RIYADH: Saudi Arabia has made notable progress in the 2025 Global Intellectual Property Index, with its score rising by 17.5 percent, placing it among the fastest-improving economies out of the 55 countries evaluated.

According to the 13th edition of the index, published by the US Chamber of Commerce, the Kingdom now ranks 40th globally—a reflection of the substantial reforms driven by its Vision 2030 strategy. These reforms aim to enhance intellectual property protection, foster innovation, and support the growth of a knowledge-based economy.

Since 2019, Saudi Arabia’s overall score has increased from 36.6 percent to 53.7 percent in 2025, marking a cumulative improvement of over 40 percent in just six years.

This progress stems from a comprehensive transformation of the nation’s IP ecosystem, including the strengthening of legal frameworks and enforcement mechanisms.

Key milestones noted in the report include the extension of design protection from 10 to 15 years, the establishment of a specialized prosecution office for IP-related cases, and the launch of advanced online enforcement tools for copyrights and trademarks.

These developments highlight Saudi Arabia’s growing institutional capacity and ongoing regulatory modernization, led by the Saudi Authority for Intellectual Property.
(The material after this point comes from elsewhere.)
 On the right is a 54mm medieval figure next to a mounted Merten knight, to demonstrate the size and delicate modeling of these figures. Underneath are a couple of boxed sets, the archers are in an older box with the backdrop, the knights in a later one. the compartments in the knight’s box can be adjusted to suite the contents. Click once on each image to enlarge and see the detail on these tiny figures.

The report also highlighted significant advancements in public awareness initiatives, inter-agency collaboration, and Saudi Arabia’s accession to key international intellectual property treaties. These developments have helped align the Kingdom’s IP framework more closely with global standards.
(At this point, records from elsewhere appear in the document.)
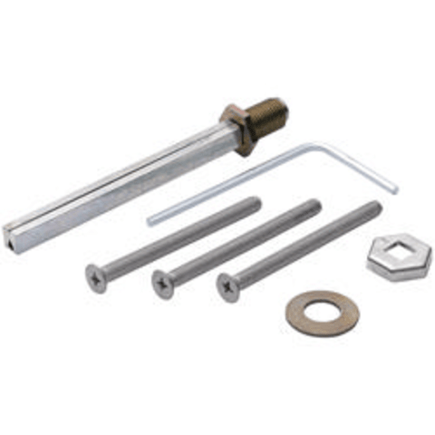 Befestigungs-Set, aus Eisen, HOPPE-FDW-Profilstift, Unterlegscheibe, Gewindeschrauben M6 nach DIN 965 10.9 mit Kreuzschlitz-Senkkopf, Montage-Hülse, Innensechskant-Schlüssel, für Hoppe Schutzbeschläge ES1 (SK2) aus Aluminium, Edelstahl und Messing mit verdeckter Verschraubung bzw. mit den Innenschildern (E/M)3310 und 2210.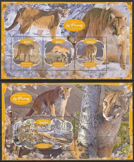 Габон 2020 год. Хищные кошки. Пума, малый лист + блок. Сувенирный выпуск.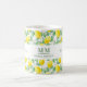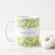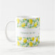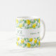 Une tasse décorée d'un motif citron. Texte : Pressez le jour. Personnalisez et ajoutez vos initiales et votre nom de monogramme.

Notably, Saudi Arabia achieved higher scores in enforcement, international treaty participation, and the efficiency of its copyright enforcement system. These improvements reinforce the Kingdom’s ambition to become a regional and global center for innovation and creativity.

By fostering a more transparent and dependable intellectual property environment, Saudi Arabia is attracting increased foreign investment while also empowering local entrepreneurs to develop innovative ideas, products, and technologies.

The US Chamber of Commerce commended the Kingdom’s efforts to institutionalize intellectual property rights as a core component of its economic diversification strategy, positioning Saudi Arabia as a model among emerging markets.

Meanwhile, the UAE also performed strongly in the 2025 index, ranking 26th globally with an overall score of 60.66 percent. The UAE was praised for its robust patent and trademark protections, consistent judicial enforcement, and strong commitment to digital transformation.